In the act of wriggling around to find the perfect spot to nap, I freeze.

My stare goes unfocused, barely registering the wilderness painting above the bed, or the two big windows that showcase the backyard, which is a sweet little meadow butted up against a steep rock-strewn hillside. “What have you told him?”

Dylan isn't trying to date me. Dylan is trying to catch me.

“Nothing. No one has told him anything except for the shocking fact that you up and moved. He asked where, and we said you hadn’t found a place to settle yet.”

“Keep to that story even though I think I’ll settle here for a while.”

The problem with Dylan is that he believes I'm a supernatural creature. Which thrills him, because supes are what he hunts for fun.

Although he calls us cryptids. He’s into cryptozoology. And I mean he is deep into the Kool-Aid. He calls himself a cryptid hunter.

Cryptid hunters believe that creatures of myth, legend, and extinction not only exist but have been sighted—and they chase them.
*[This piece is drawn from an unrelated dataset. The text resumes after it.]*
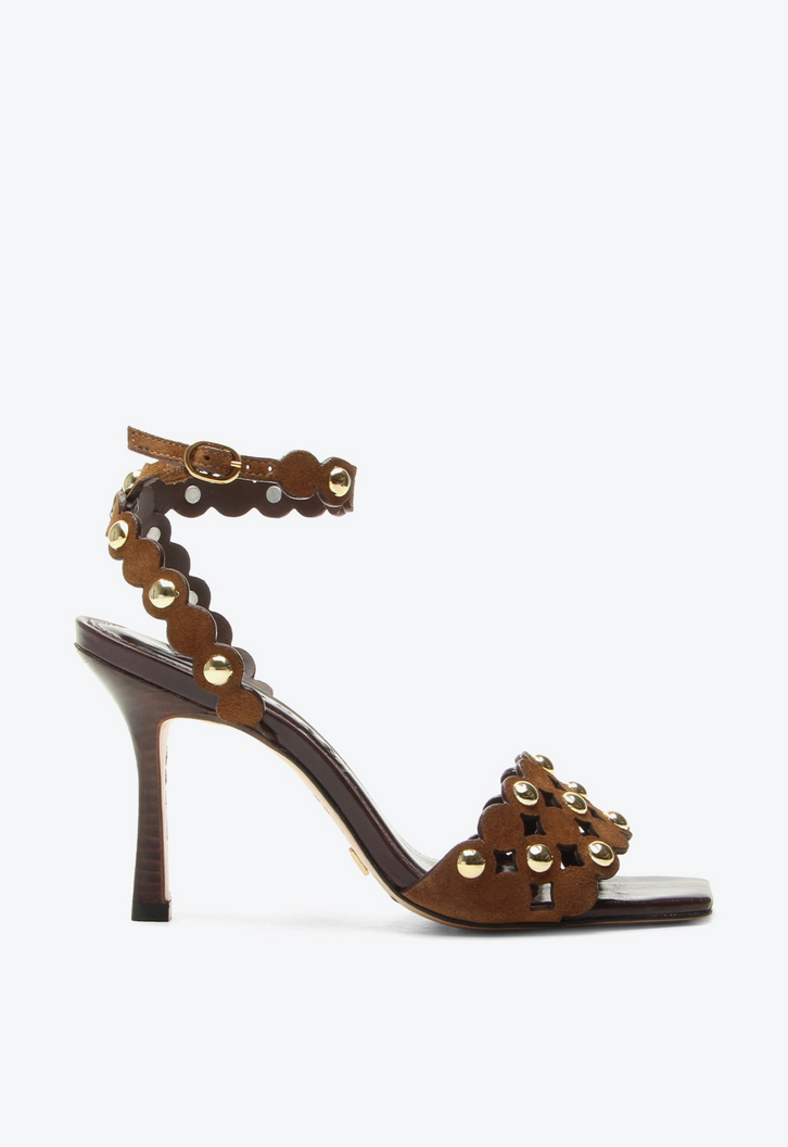 Sandália feminina de salto alto em couro caramelo. Com design imponente e shape quadrado, o modelo Livia traz recortes estratégicos e studs arredondados para destacar o brilho do produto. A construção mistura modernidade e sofisticação, refletindo o mood ousado da temporada. Fashion e versátil, combina perfeitamente com produções noturnas!

As a hobby.

Thing is, creatures like wendigos and Dogman have a tendency to return the favor. Dylan regularly posts on Facebook about being hunted, especially by wendigo. He’s not crazy. He’s lucky they haven’t killed him yet.

“Will do,” Adrian says. “But back to your boss. Cute, huh? I could go for cute. Send me a picture.”

“I will,” I murmur, trying to set my Dylan problems aside. It should be easy; I’m almost five hundred miles away.